Still fighting to get back to norm with my back. Officially pissing me off now that the weather has cooled down to perfect running temps. Decided I’ll give it two more days (including one more chiro visit) before I just say screw it, strap on the Asics and let the best man win. Things are a bit better as my doctor was able to get my legs back to the same length and now primarily focused on getting the swelling out of the sciatic. Until then I’ll just have to slither around.

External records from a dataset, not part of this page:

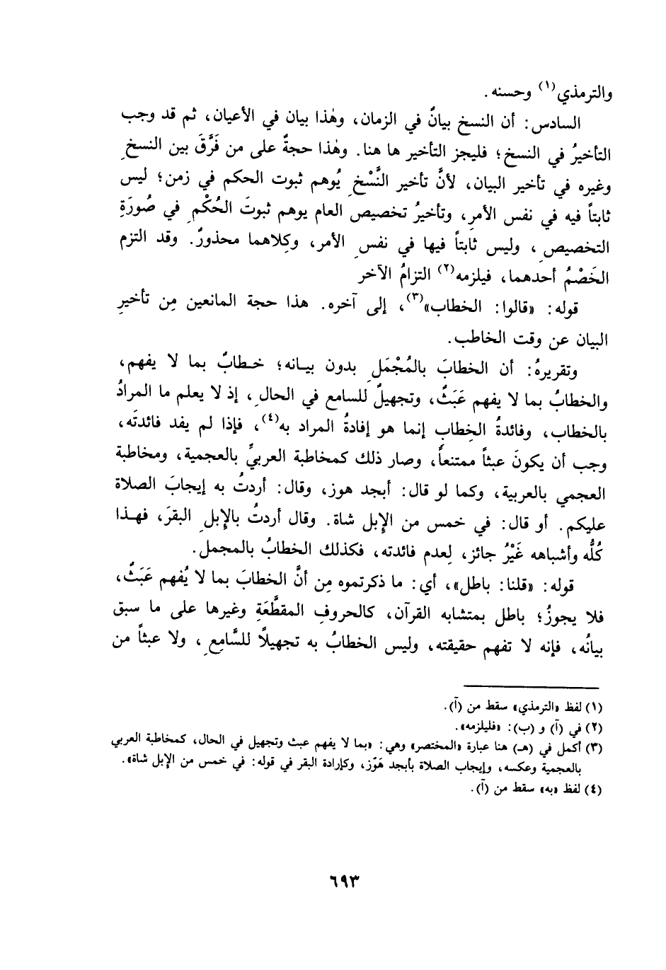 قَوْلُهُ: «قَالُوا: الْخِطَابُ» ، إِلَى آخِرِهِ. هَذَا حُجَّةُ الْمَانِعِينَ مِنْ تَأْخِيرِ الْبَيَانِ عَنْ وَقْتِ الْخِطَابِ.
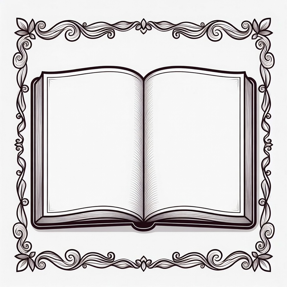 blank book, book illustration, clipart, decorative border, empty pages, floral border, illustration, isolated background, leaves design, line art, ornate frame, sketch book, swirling vines, vintage frame, open book
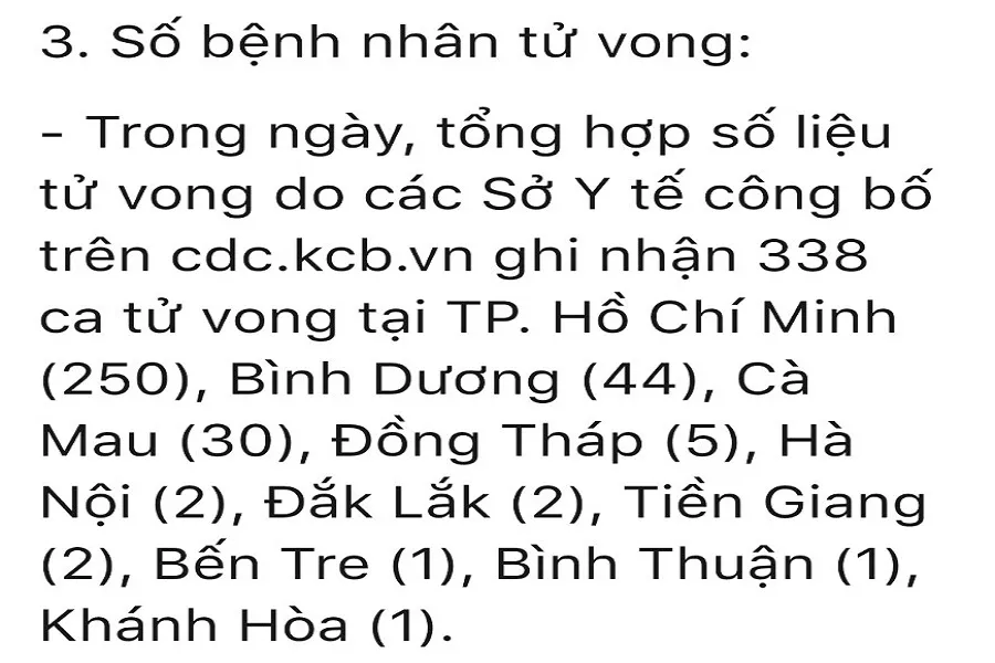 Chiều tối 3-9, Văn phòng UBND tỉnh Cà Mau thông tin trong ngày hôm nay tỉnh này có 1 ca COVID-19 tử vong chứ không phải là 30 ca tử vong như một số báo đã thông tin.
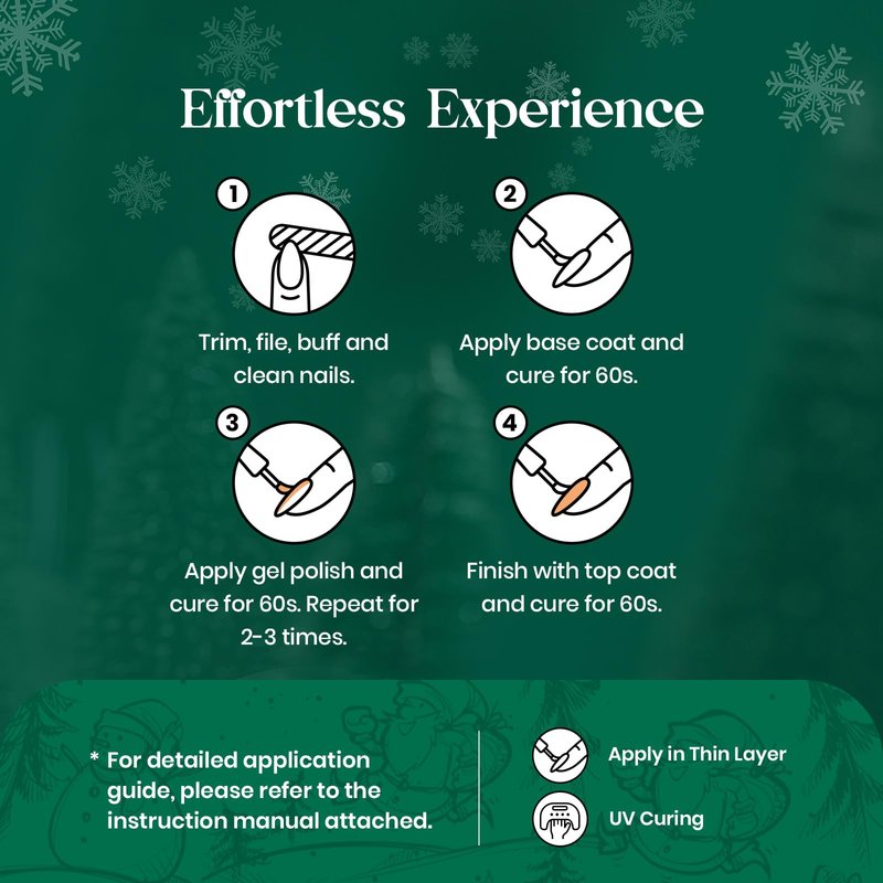 - Easy Application and Good Tenacity: The series of dark forest green glitter gel nail polish set is long lasting for 28+ days with perfect shine under proper application - With base gel top coat under the full application Process.

Oops, forgot to provide a coffee time warning, let’s correct that – for those of you that do not like small, slender footless creatures with forked tongues you might want pass over this particular post or minimally go grab your security blanket because this ride might get a bit bumpy. Yep, as you can see, today’s featured creature isn’t exactly small. Thanks to an interesting encounter at Emiquon National Wildlife Refuge back in July 2017 I get to bring you a BAWS.
Hit the jump unless you are really not into these water spears in which case I’d wait a few more days until I have something new posted ha!
Nowhere close to those crazy people at National Geographic, but I’ve had my share of dicey encounters. I’ll never forget almost stepping on a Alligator (link here), being abandoned by my UB (wife) while another Alligator rolled up on us (link here), had a Brown Bear luckily reveal itself right before we headed down the same path (link here), had a stare down with a Bobcat neither of us knowing what the other was capable of (that I apparently still need to blog about) and later learned how stupid I was with an extremely large snapping turtle (link here) are some examples that come to mind. All ended well and as a result, got a lot smarter.
I’m rather blessed with the ability to remember extended details – although with exception to remembering things Linda wants me to do – probably more finely honed selective hearing ha. Each of those encounters I can pretty much recount flawlessly as they stay vivid as the moment of the encounter. I’ve spent a lot of time studying human behavior as people actually intrigue me even more than wildlife. Amazes me how those with the capacity for higher thinking can at like animals and those less gray mattered creatures can display an abundance of social cues and altruism. I’ll just leave that right there as I only brought it up to mention a theory I had that humans have the ability to store mentally based on a collective state of body diagnostics rather than just visual cues, smells, sounds, time etc. Think of it as a huge multidimensional index card file based on another set of dimensions including blood pressure, adrenaline levels, heart rate etc. that you experience at a given point in time.
Never was able to get around to proving out the theory thanks to my programming classes eventually consuming me, but maybe something to take up once the office desk is vacated. Long story short, each of my personal encounters shot my heart rate through the roof, brought the blood pressure to boiling and at onset kicked in flight responses that could make it through a brick wall. The BAWS encounter here did the exact same thing. Ron and I were traversing a raised walkway through the marsh area at Emoquin when I looked down to our left and saw a Catfish floating above the water and across the rocks.
Initially, wasn’t sure how to rationalize that as you don’t often see a fish (a bottom dweller none the less) floating alongside you. While trying to piece it together, tried to get Ron’s attention. A split second later it hit me full force square in the internal flight reactors. “HOLY SHIT, look at the size of that snake”. True to our nature, both our cameras were up and snapping immediately. Thanks to The Beast, was able to get up close and personal with one of the biggest snakes I’ve ever seen in the wild – still think the one Ron and I saw above us in a tree at Wild Prairie Park takes top honors, but this wasn’t that far off).
Now, with absolutely no doubt, I’m horrible at snake identification. Illinois really has few dangerous snakes and the ones I do come in contact with like the Garters, Blue Racers and Rat Snakes are easily recognizable. Unfortunately, we do have a venomous water snake which locally goes by Water Moccasin but actually named as a Cottonmouth. Distinguishing that venomous water snake from the other water varieties is difficult – all adept in the water, all have tubular bodies, all have forked tongues and all equally make me uneasy when in their presence – you get my drift. Therefore, the snakes that fall into this category are simply BAWS – BIG-ASSED WATER SNAKES. Being slow on the ID draw, I simply keep my distance and hope to god Linda doesn’t see one or all hell will break lose – she’s more likely to try to pet a grizzly than step within 20 feet of any slitherer.
Luckily Ron takes photography as serious as I do and would never think to pass up this opportunity to tin some snake behavior. Eventually it decides we were not a threat to take its precious Catfish and headed off to enjoy a well-earned dinner. In case you are wondering, I do believe this is not a Water Moccasin and instead a Banded or Northern Water Snake. If anyone knows their snakes, would love to know if the Banded and the Northern are one in the same. The documentation is unclear from what I can find – some places like Wiki implied they are the same, where others reference them as more southern (Banded) or northern varieties. It also annoys me that the same snake can have a multitude of color palettes and it isn’t just at breeding time like our feathered friends. Will go ahead and call it a post here. Hope you enjoyed seeing something a bit different for a change – bad thing is I will know EXACTLY when Linda gets around to reading this post based on the scream that will ring throughout the house!